Shaheen underscored how critical this drug would be to treatment centers in New Hampshire that provide medication-assisted treatment, writing, “This monthly injection version could help to improve the administration of MAT and success of MAT for patients with opioid use disorder, as compared to versions of buprenorphine that require daily dosing. However, the product is priced at $1,580 per month by the drug manufacturer. Providing the monthly injection version of buprenorphine with orphan drug exclusivity could lock-in these high prices for seven years or even longer.”
Shaheen continued, “At a time when prescription drug costs are stretching household budgets and the opioid epidemic is still devastating communities across the country, I am concerned that granting orphan drug exclusivity for Sublocade could put access to promising developments in MAT out of reach for patients with opioid use disorder and limit treatment options.”
In her letter, Senator Shaheen explicitly states that drugs used to treat opioid-related substance use disorder should not be entitled to market exclusivity benefits that are intended for rare disease drugs under the Orphan Drug Act, and closes by requesting the FDA to answer specific questions about how it determines what drugs fit the criteria established by the law.

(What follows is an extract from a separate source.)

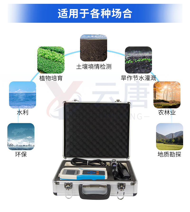 土壤水分測定儀采用FDR頻域反射原理,快速準確測量土壤中含水量,可對多處樣地、不同土壤深度的水分含量進行快速檢測和長期連續(xù)監(jiān)測。廣泛應用于土壤墑情檢測、旱作節(jié)水灌溉、精細農業(yè)、林業(yè)、地質勘探、植物培育等領域。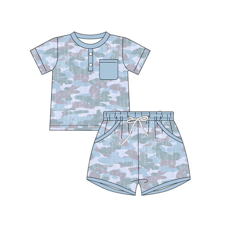 MOQ:5pcs BSSO1937 pre-order kids clothes camo print boy summer outfit clothing set-2026.2.25

The letter can be read in full here.
Senator Shaheen is leading efforts in the Senate to reduce the cost of prescription drugs. The Senate Committee on Health, Education, Labor and Pensions (HELP) recently cleared package legislation that included her bipartisan bill to lower prescription drug prices by increasing competition through improved oversight of the Food and Drug Administration’s (FDA) citizen petition process. This bill would reduce federal spending of prescription drugs by approximately $253 million over the next ten years. She also introduced the Biologic Transparency Act of 2019, bipartisan legislation to encourage competition in the prescription drug marketplace and put an end to the harmful patent strategies that block new drugs from coming to market.
Senator Shaheen has fought tirelessly to ensure that Granite State communities have the resources they need to battle the substance use disorder epidemic. Shaheen helped negotiate the bipartisan agreement in 2018 that outlined the two years of opioid response spending – totaling $6 billion to respond to the opioid crisis. Shaheen also helped negotiate the bipartisan agreement in 2018 that outlined the two years of opioid response spending – totaling $6 billion to respond to the opioid crisis. This included the set-aside funding for states with the highest mortality rates, like New Hampshire. This critical additional funding, which Shaheen helped broker, has been included by Congress over the last two fiscal years. As a result of the Delegation’s efforts, New Hampshire received a more than ten-fold increase in opioid treatment funding through the State Opioid Response grant program. Shaheen has also recently unveiled sweeping new substance use disorder legislation, the Turn the Tide Act, to help tackle the substance use epidemic and provide resources for Granite Staters struggling with substance misuse. The Turn the Tide Act provides $63 billion in funding over ten years to deliver flexible treatment funding to providers, establish proven prevention programs and address the substantial workforce challenges in the treatment field.